Jak podaje Handelsblatt, powołując się na źródła wewnętrzne, minister gospodarki Katharina Reiche (CDU) przedstawi w środę nowe dane o wzroście gospodarczym.

Prognozy jej resortu są ściśle zgodne ze wspólną prognozą wiodących niemieckich instytutów gospodarczych: zarówno DIW, jak i RWI spodziewają się w tej chwili wzrostu PKB na poziomie 1,3% w 2026 r. i 1,4% w 2027 r.

Wszyscy oni liczą na bodziec do skupu długów – im więcej, tym lepiej, a kwestie jakościowe czy ograniczenia planowania gospodarczego już dawno zniknęły z pola widzenia. Przekonanie, iż gospodarką można zarządzać centralnie, jest w tej chwili w Berlinie dogmatem. Wolny rynek traktowany jest jak przeciwnik.

"Punkt zwrotny" Merza

Kanclerz Merz ogłosił niedawno "zwrot" w przepływach inwestycyjnych. Po latach masowej ucieczki kapitału twierdzi teraz, iż pieniądze wracają do Niemiec. Wydaje się, iż wierzy, iż dodatkowe 50 mld euro nowych pożyczek – głównie skierowanych na projekty klimatyczne, infrastrukturę i ekspansję wojskową – wywoła boom inwestycji prywatnych. Poprzez gwarancje państwowe ma zostać "zmobilizowany" kapitał prywatny.

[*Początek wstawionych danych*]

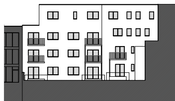
ACHTERGEVEL DE CONINCKSTRAAT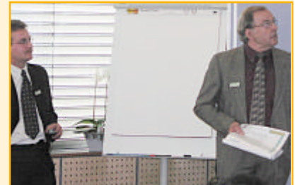
Vor Laien oder vor Fachpublikum: Seine Fachvorträge hatten stets Gewicht.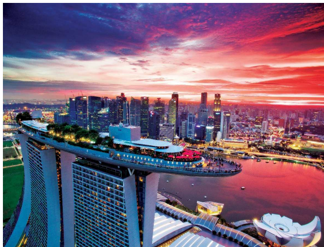
「CÉ LA VI Singapore」 Marina Bay Sands

当社は、2019年秋に竣工予定の東急プラザ渋谷を「MELLOW LIFE(メロウライフ)」を提案する場として、「都会派の感性が成熟した大人たち」をターゲットに、新時代に向けた商業施設を計画中です。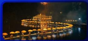
ล่องแพมิ่งทง

สัมผัสสายน้ำใสท่ามกลางธรรมชาติสองฝั่งทาง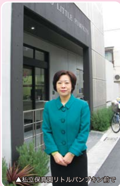
▲私立保育園リトルパンプキン前で

さらに、12月12日には私立保育園「リトルパンプキン」及び認知症グループホーム「ホームタウン友愛」を視察しました。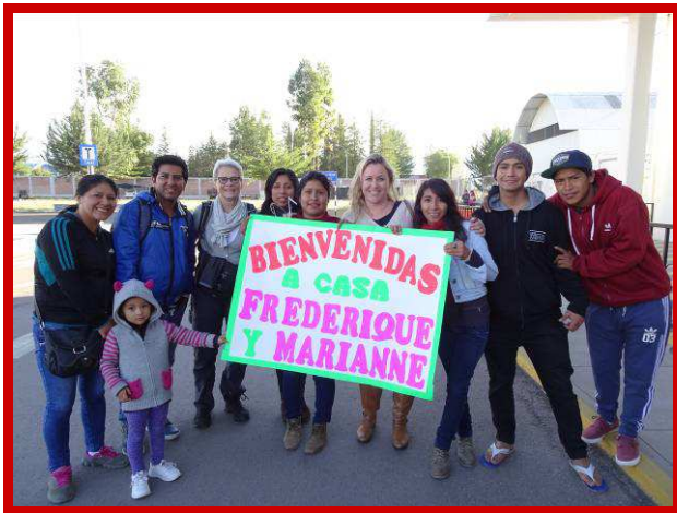
Een warm welkom in Ayacucho.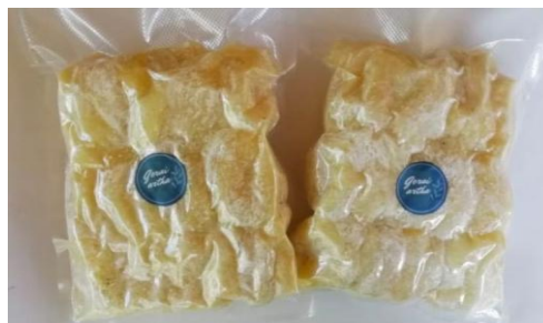
Gambar 11. Pengemasan Gembus dengan Divakum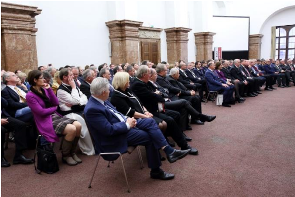
Foto Nr. 21: Blick in den Saal, im Vordergrund Altlandeshauptmann Dr. Josef Pühringer

Nach dem Ende des offiziellen Teiles gab es Fototermine des Herrn Landeshauptmanns mit jedem einzelnen der Ausgezeichneten und auch mit dessen Familie.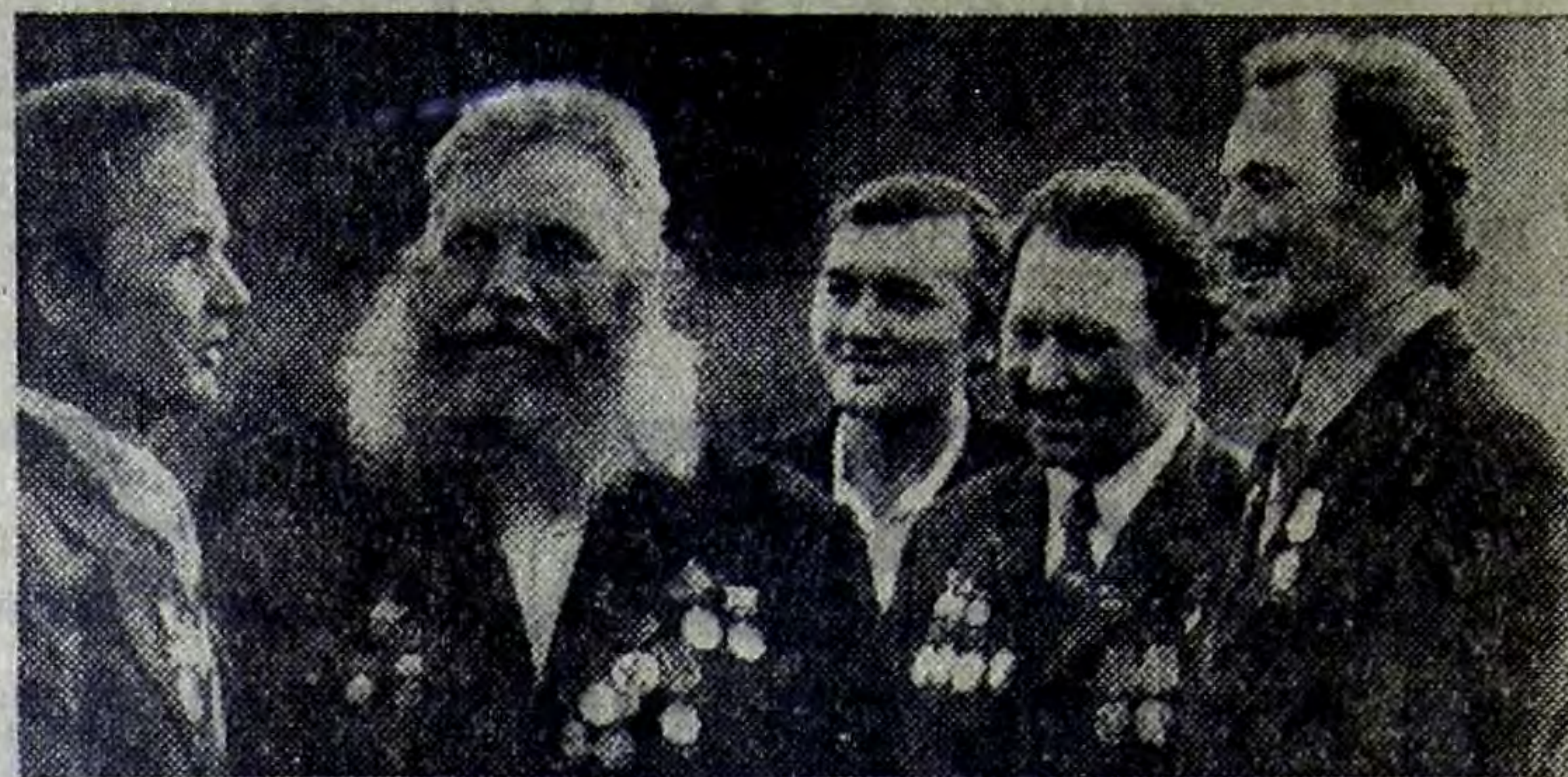
Славен Алтай трудовым героизмом людей. В крае — десятки знатных рабочих династий, известных на всю страну. Среди них — семья мараловодов Поповых из далекого горного села Карагай (Горно-Алтайская автономная область).

Н. ЛЯПИН, секретарь парткома колхоза им. Свердлова.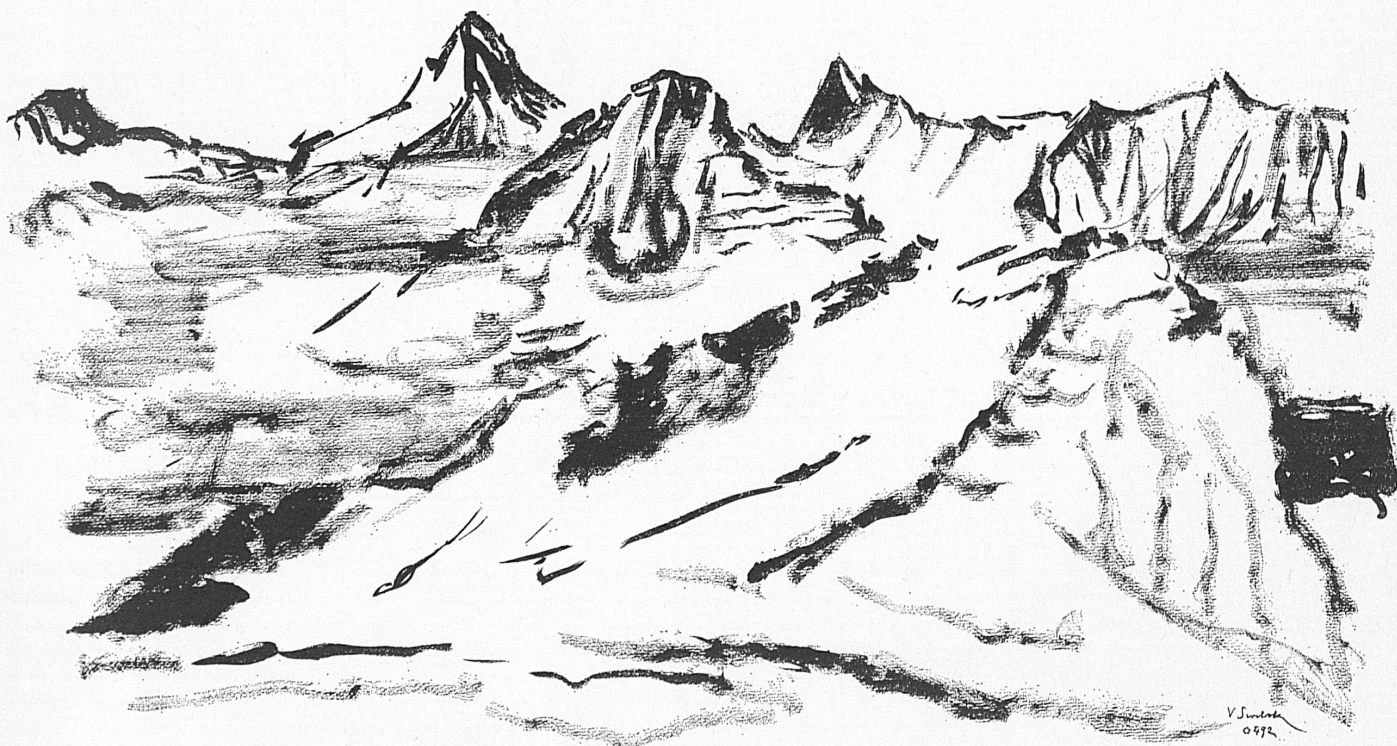
Victor Surbek: Schreckhorn und Finsteraarhorn, Tuschzeichnung • Le Schreckhorn et le Finsteraarhorn, lavis Schreckhorn e Finsteraarhorn, disegno all'inchostro di China • El Schreckhorn y el Finsteraarhorn, dibujo a tinta de china Schreckhorn and Finsteraarhorn, Indian-ink sketch

Un livre récent: «Von der Krinoline zum sechsten Grad» (aux Editions: das Berglandbuch, Salzbourg) présente avec force détails pittoresques le développement de l'alpinisme féminin. Il a été évoqué, le 16 mai 1968 au sommet du Titlis, par les meilleures représentantes de ce beau sport, venues de Grande-Bretagne, de France, d'Espagne, des Pays-Bas, d'Allemagne, de Pologne, de Tchécoslovaquie, d'Autriche, de Yougoslavie, d'Italie et de Suisse. Accompagnées d'époux non moins célèbres, elles ont pratiqué pendant une semaine la varappe et le ski dans la région d'Engelberg.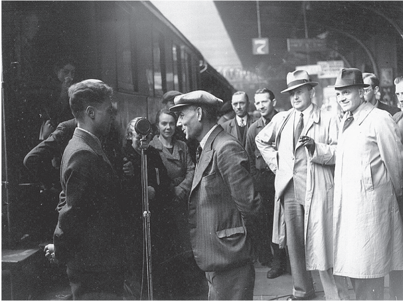
Een arbeider die voor vrijwillige arbeid naar Duitsland vertrekt wordt in het Brussels Noordstation voor de microfoon gehaald om zijn woorden voor propagandadoeleinden in te zetten.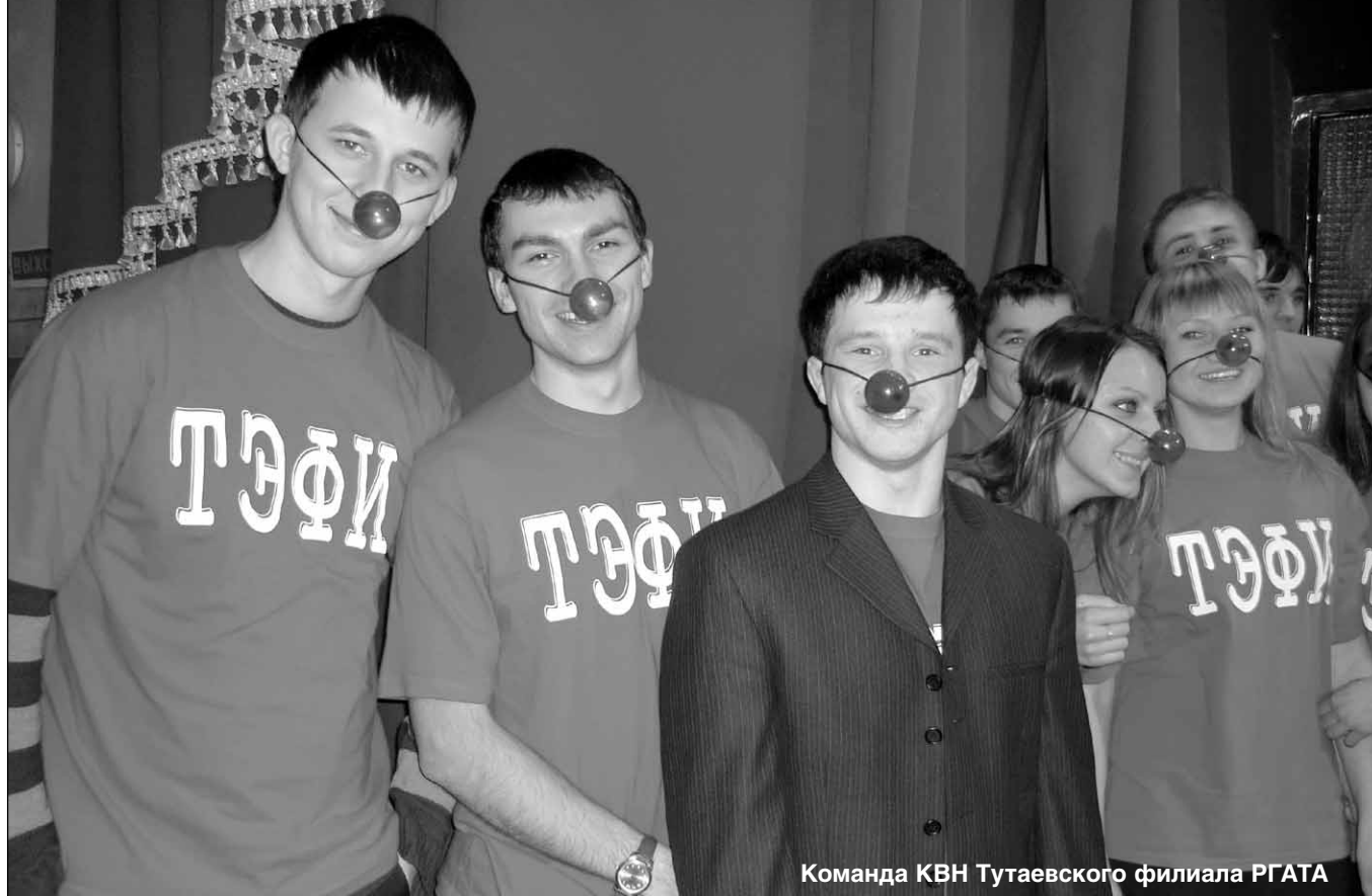
Команда КВН Тутаевского филиала РГАТА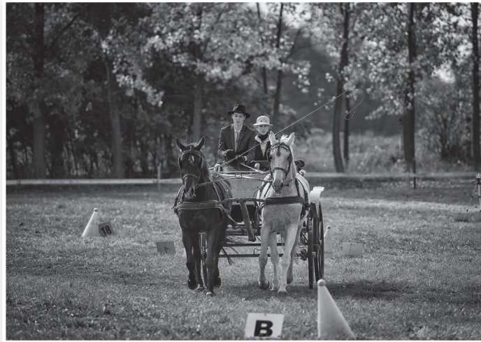
Balesetmentesen és sportszerűen zajlott a verseny

Można się założyć, iż stymulacja napędzana długiem ożywi gospodarkę. W rzeczywistości jest to logika w stylu Habecka – upadek przemysłu i bankructwa są wkomponowane w ciasto.

Oszustwa etykietowe i ekonomia voodoo

Ten "wzrost" jest statystyczną iluzją. Nie odzwierciedla on napędzanych przez rynek inwestycji ani realnego popytu – jest to napędzany długiem miraż, ognisko rozpalone przez prasę drukarską.

Konsekwencje będą druzgocące: podatnicy zapłacą rachunek poprzez wyższe podatki lub inflację, gdy nowa masa kredytowa spotka się ze stagnacją gospodarczą i ograniczoną podażą, co spowoduje wzrost cen.

Prawdziwy dobrobyt i wzrost gospodarczy muszą być mierzone inaczej. Na wolnym rynku towary i usługi powstają w wyniku rzeczywistego popytu. Państwo, w przeciwieństwie do tego, staje się czynnikiem konsumpcji, który niszczy siłę nabywczą poprzez biurokrację.

Rynki kapitałowe pod presją

To samo dotyczy inwestycji. Ideologicznie napędzane projekty, takie jak "zielona transformacja", są w rzeczywistości programami niszczenia kapitału. Drenują rzadkie zasoby z sektora prywatnego, podnoszą koszty finansowania i uszczelniają rynek pracy, zamykając pracowników w bezproduktywnej biurokracji.

Dla porównania: udział państwa w PKB wynosi w tej chwili około 50%.

Przy planowanym nowym wskaźniku zadłużenia na poziomie 4,7 proc. w przyszłym roku i prognozowanym wzroście PKB na poziomie zaledwie 1,3 proc., sektor prywatny musiałby skurczyć się o około 3,4 proc. w ujęciu realnym, aby obliczenia się sprawdziły.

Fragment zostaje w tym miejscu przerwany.